What is expected:
The lines to copy run from the one containing "Комфортабельный номер для" to the last line of the entries; output those lines exactly and only them, without pictures.
━━━ Data supplied
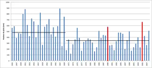 Le climat de la région est marqué par une saison des pluies entre juillet et septembre qui concentre la majorité des précipitations [5]. La figure 1 présente la pluviométrie annuelle caractérisée par une importante variabilité. On peut aussi remarquer une baisse des précipitations annuelles depuis la fin des années 1960.
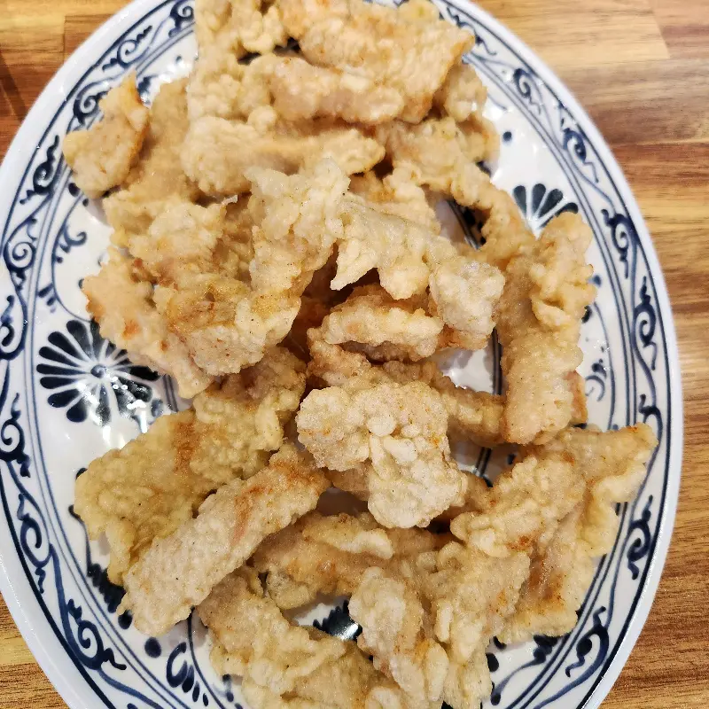 마지막으로 등장한 메뉴는 연중반점의 숨겨진 보석, 고기튀김입니다. 겉은 바삭하고 속은 촉촉한, 이른바 ‘겉바속촉’의 정석을 보여주는 튀김이었습니다. 160도에서 일어나는 마이야르 반응 덕분에 튀김옷은 황금빛 갈색으로 변했고, 표면에는 바삭한 크러스트가 형성되었습니다. 돼지고기 등심은 적당한 지방과 살코기의 비율을 유지하여, 씹을 때마다 육즙이 터져 나왔습니다. 튀김 자체의 맛도 훌륭했지만, 함께 제공되는 소금에 살짝 찍어 먹으니, 돼지고기의 풍미가 더욱 살아나는 듯했습니다. 탕수육 소스 추가 판매에 대한 요구가 있을 정도인데, 튀김 자체의 완성도가 워낙 높아서 소스 없이도 충분히 훌륭했습니다.
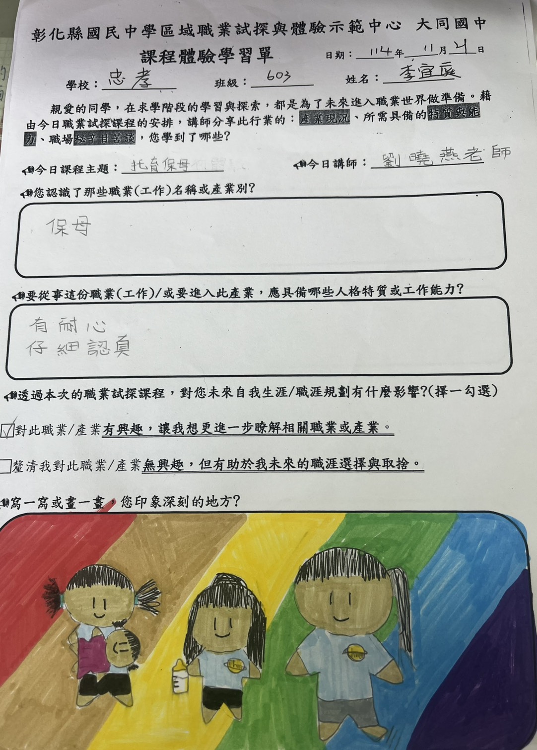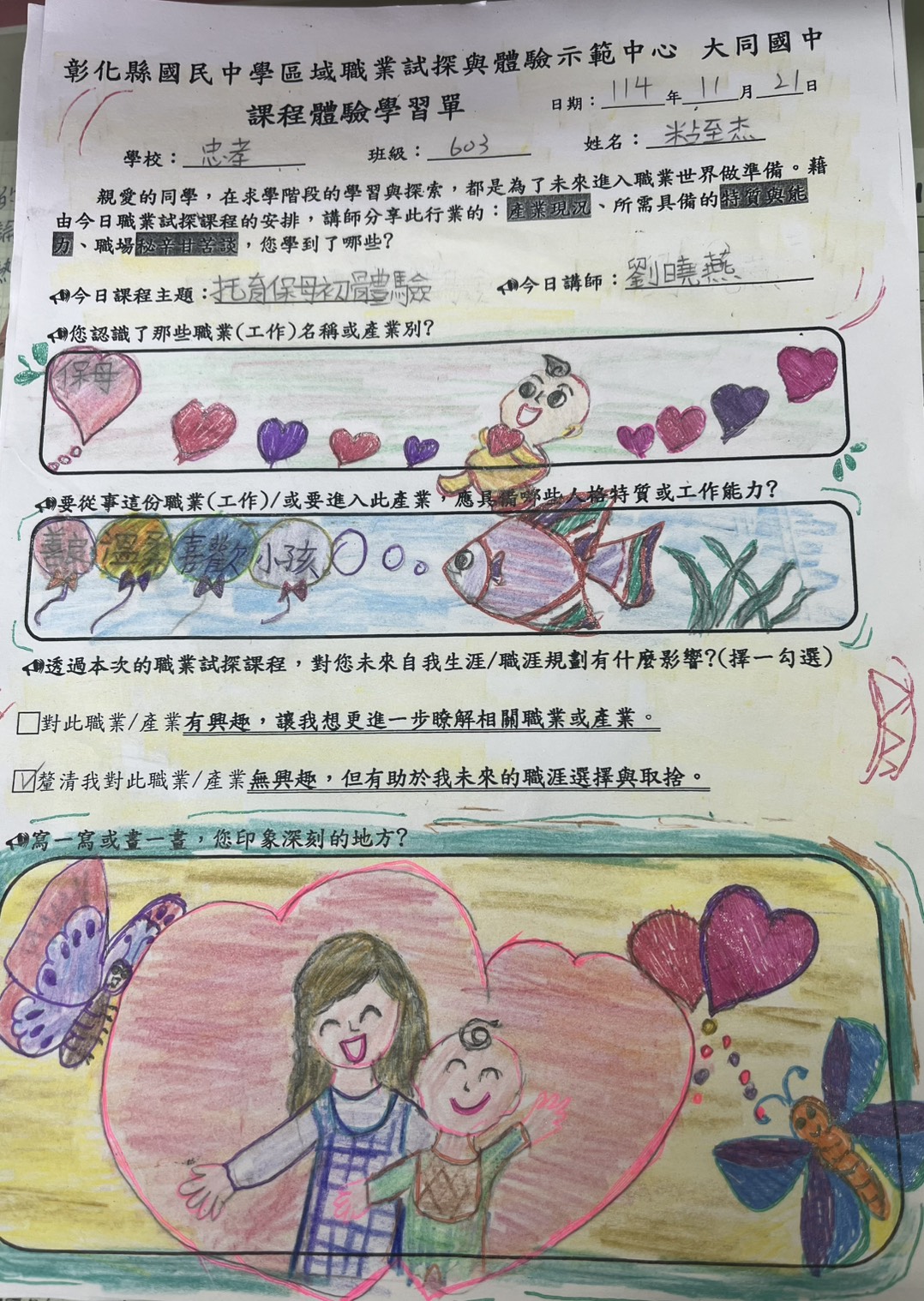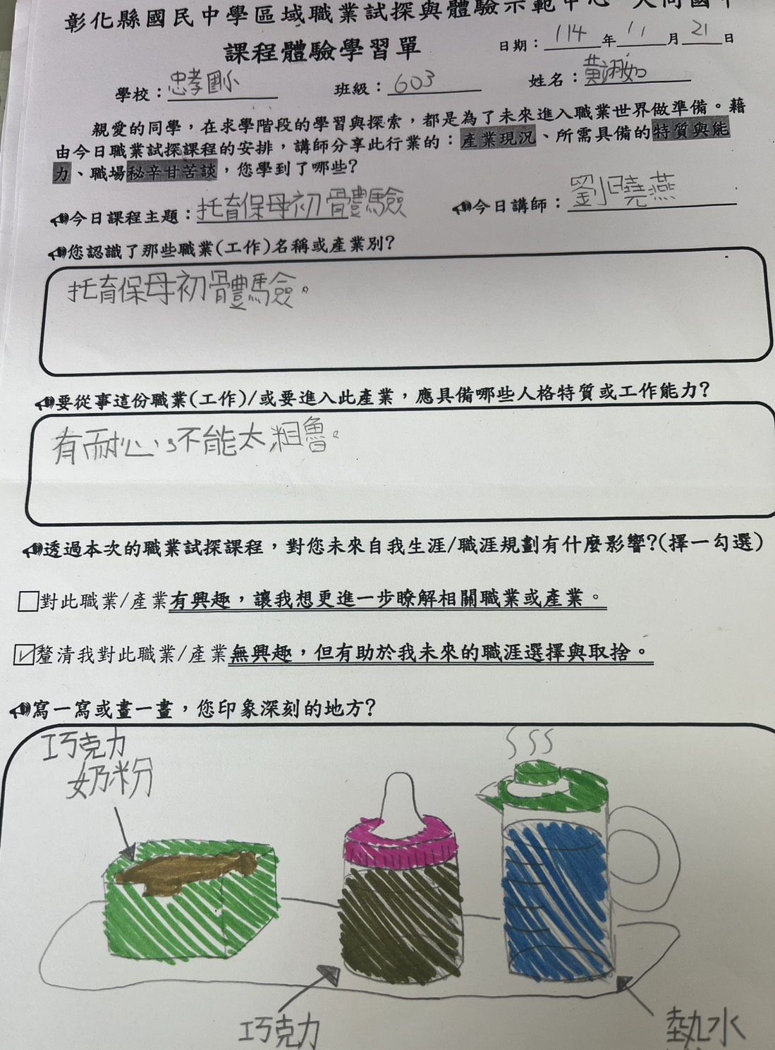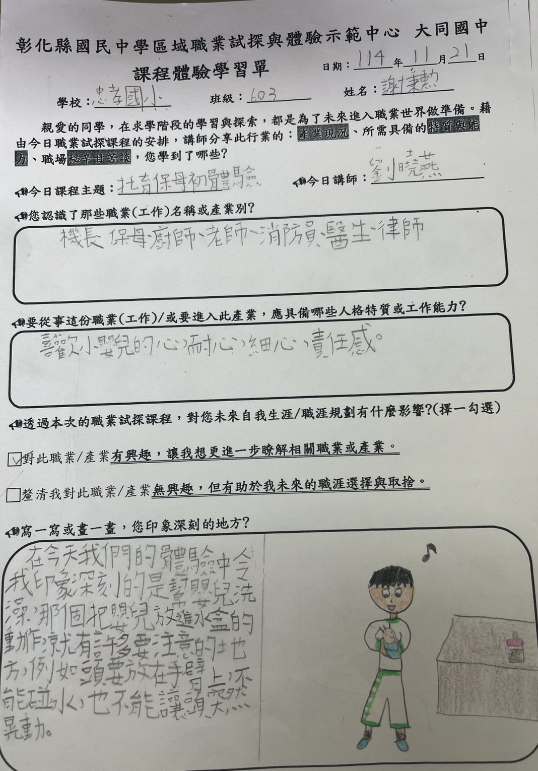 在體驗課程中,學到了如何照顧嬰兒,例如:抱嬰兒、洗澡、換尿布、和泡牛奶,也知道了父母照顧我們,非常辛苦!
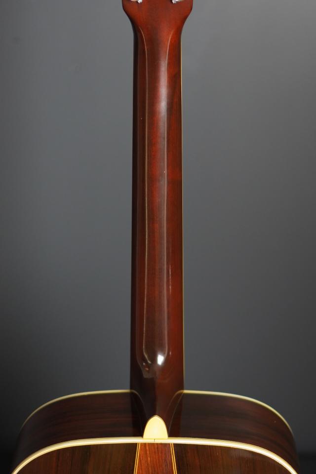 とても綺麗な顔付きですが、ベッコウ柄のピックガードは70年代後半頃から見受けられる色味の薄いタイプですので、レトロで渋い風味を醸し出し、マニアックな箇所ですが、指板エンドのバインディングが1枚巻きでなく、D-45と同じ三枚の巻き方になっており、ボディ内のブリッジ裏のブリッジプレートも、メイプルの小さなサイズを採用したりと、なかなか拘った仕様です。
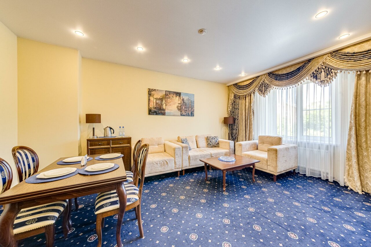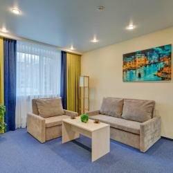 Комфортабельный номер для деловых людей. Номер отличается первоклассной отделкой, кроватью высокого класса, наличием двух больших телевизоров в каждой из комнат. В номере комфортно может проживать до 4 человек.
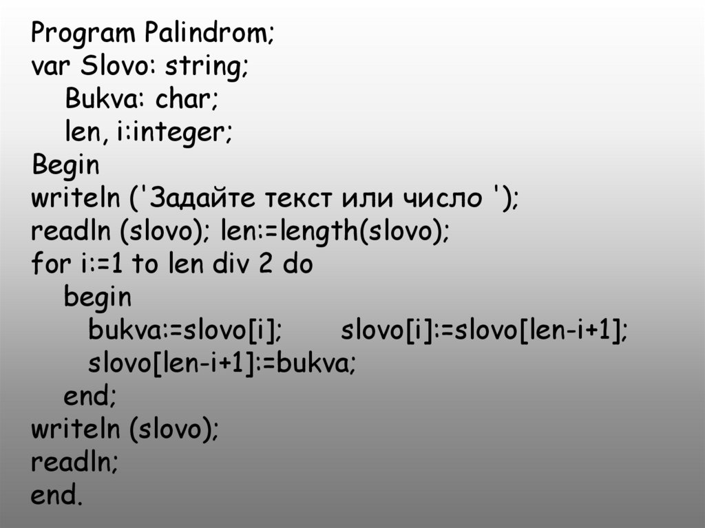 slovo[len-i+1]:=bukva;
━━━━━━
Finished exercise:
 Комфортабельный номер для деловых людей. Номер отличается первоклассной отделкой, кроватью высокого класса, наличием двух больших телевизоров в каждой из комнат. В номере комфортно может проживать до 4 человек.
 slovo[len-i+1]:=bukva;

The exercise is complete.